I suspect tuna management is different with each species. Never heard of commercial pursuit of blackfin tuna and the Japanese certainly don't net them in the Gulf. Bluefins? Not many left. Atlantic bluefin tuna spawn in the Gulf and it's thought the oil spill won't help that.


----------



## CHUM STAIN (Sep 2, 2009)

I blame it on pollution, such as oil spills, for the decline in BF Tuna.


----------



## Gap (Jun 4, 2004)

I'm no old salt but have been fishing Boomvang/Nansen 5-6 times/yr for more than 7 years. The yellowfin are nothing like in 2004-2007. A trip with 3 or 4 in the boat was a letdown. The junior BF were so thick I went 3 years without NOT catching one on every drop. Completely annoying there were so many. 

The past years have been very inconsistent on Yellowfin. Some **** slow long nights more often than not. There are still great catches, but far less consistent. I have caught a few bigger fish 100-130 lb in the past two years, but far fewer overall.

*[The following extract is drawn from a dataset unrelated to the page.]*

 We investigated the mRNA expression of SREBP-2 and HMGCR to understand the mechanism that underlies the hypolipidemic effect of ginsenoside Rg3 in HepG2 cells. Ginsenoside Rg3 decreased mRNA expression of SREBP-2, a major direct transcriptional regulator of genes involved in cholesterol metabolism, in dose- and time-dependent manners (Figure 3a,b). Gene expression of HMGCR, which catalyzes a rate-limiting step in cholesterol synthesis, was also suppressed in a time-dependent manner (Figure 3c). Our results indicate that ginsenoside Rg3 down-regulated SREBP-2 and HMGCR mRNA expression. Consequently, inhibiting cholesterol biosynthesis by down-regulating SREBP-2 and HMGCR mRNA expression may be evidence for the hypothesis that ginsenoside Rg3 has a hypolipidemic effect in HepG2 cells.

The fatty BF behind the Shrimpers aren't what they used to be.

The famed Midnight Lump is no longer as much of a big deal. 5 years ago everyone was hauling their rigs to Venice to wear out the big yellows (oil spill notwithstanding!). 

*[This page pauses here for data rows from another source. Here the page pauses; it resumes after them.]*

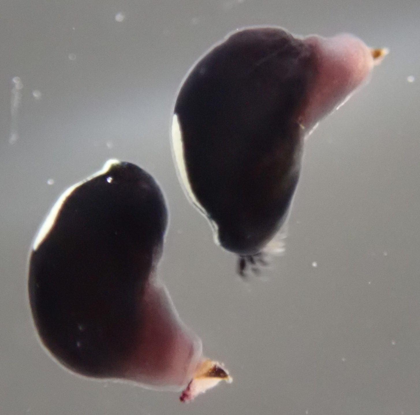 ハナザラの幼生に注目しました。海洋生物の幼生は一般的に海中をプランクトンとして漂いながら、自分の生活に適した環境を感知して着底します。貝類をはじめとする底生生物の成体は長い距離を移動できないので、幼生の着底はその後の運命を左右するとても重要な段階です。たとえば藻食性の貝類は餌となる藻類が生えている場所に着底します。一方、寄生・共生性の貝類は宿主を認識してその体の上などに着底します。ハナザラは藻食性かつ共生性なので、着底する際に藻類とウニのどちらを認識するのか気になりました。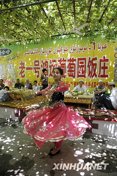 7月22日,新疆吐魯番葡萄溝的維吾爾族村民為來自西安的游客表演舞蹈。新華社記者戴旭明攝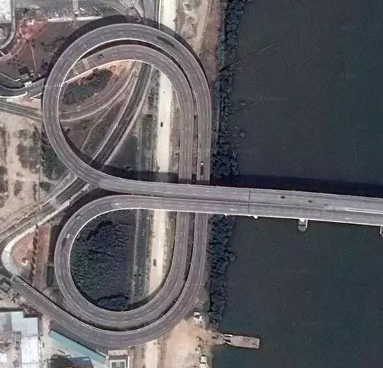 澳门与珠海:当然不是国界!只是一条奇葩又复杂的分界线!这是一个右行车道与左行车道相遇的故事。。。在澳门和珠海横琴岛之间的莲花大桥上,从内地开来的车辆需在桥下的一条形状如一半四叶草的引桥上兜一大圈,才能换车道。。看图就造多复杂了。。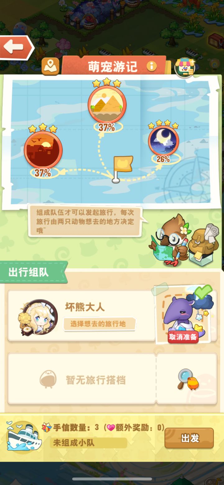 有没有大佬帮我发一下这三个陪跑的小动物的旅行地以及有没有特殊旅行地,感谢🙏#小森灵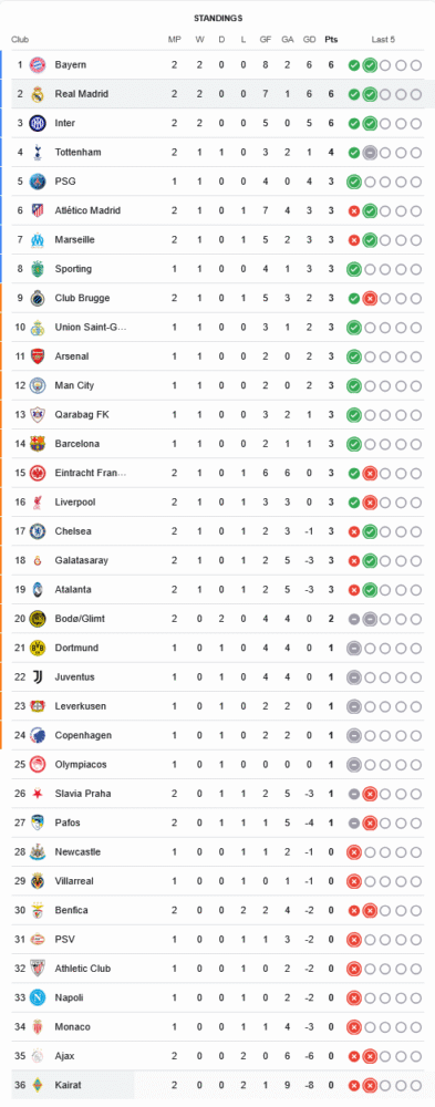 หลังจบเกมนี้ เรอัล มาดริด เก็บ 6 คะแนนเต็มจาก 2 นัด อยู่อันดับ 2 ของกลุ่มตามหลังบาเยิร์น ส่วน ไครัต แพ้รวด 2 นัด เสียถึง 8 ประตู ยังไม่มีแต้ม รั้งบ๊วยของกลุ่ม สถานการณ์น่าเป็นห่วง ต้องเร่งฟอร์มอย่างหนักหากหวังมีลุ้น
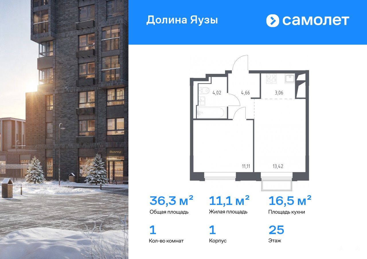 Строим кварталы для жизни с заботой о будущем. Предлагается 1-комнатная квартира комфорт-класса 36, 3 кв.м в корпусе 1 на 25 этаже, в ЖК «Долина Яузы»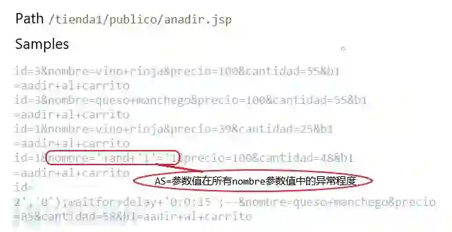 本文使用HTTP CSIC 2010数据集。该数据集由西班牙最高科研理事会CSIC在论文Application of the Generic Feature Selection Measure in Detection of Web Attacks中作为附件给出的,是一个电子商务网站的访问日志,包含36000个正常请求和25000多个攻击请求。异常请求样本中包含SQL注入、文件遍历、CRLF注入、XSS、SSI等攻击样本。数据集下载链接:http://www.isi.csic.es/dataset/ 。在本项目Github中也准备好了。
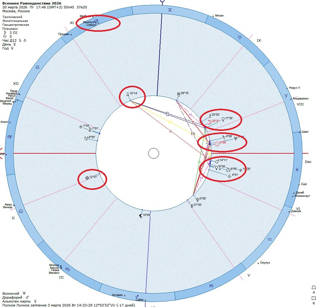 Карта ингрессии Солнца в Овен - важнейший гороскоп года, на основании которого делается прогноз на предстоящий астрономический год. В этом году Весеннее Равноденствие происходит на фоне соединения Солнца с Нептуном и Сатурном и закладывает программу 36-летнего цикла💫. Знак Овна пробуждает дух первопроходца, что подразумевает совершенно новые действия, которые вы ранее не совершали. Рискуйте, если не хотите пропустить свою удачу, но рискуйте с умом. Асцендент карты ингрессии Солнца в Овен (строится на Москву и работает для всей страны) находится в Деве. Знак разумности, кропотливости, планомерности. Управитель карты Меркурий находится в соединении с Северным Лунным Узлом, подчеркивая важность и кармичность года. Северный Узел указывает верное направление развития, помогает не сбиться с курса. Он не исключает задач и испытаний, но шансы выйти из них с честью достаточно высоки. Существенная деталь - Меркурий в точке стационарности. Стационарность максимально проявляет свойства планеты. В

Can we really say with a straight face that chopping up dozens of BF for chunks and loading the fishboxes has no long term impact? I don't buy it. 

We can blame it on everyone else, or take a look in the mirror....


----------



## Muddskipper (Dec 29, 2004)

There be no tuna in the Gulf.... nor does the party boats catch that many ....






TUNA MUST DIE !!!!!


----------



## High Hopes (Oct 10, 2007)

So, do some of you all think that it is fine for some one who has a private boat to go take one or two yellow fin and some black fin as long as you will eat it within two weeks and not waste it? How many times a year will you do this? I personally don't have the range to go out to where a larger private sport-fisher can go and regularly catch yellow fin tuna. So this is OK for you to go out and do it, but I can't take one trip a year that I busted my *** to get the money for? If you are in the big boat club you are allowed to get yellow fin when ever you want, but no one else should go out and catch a few? 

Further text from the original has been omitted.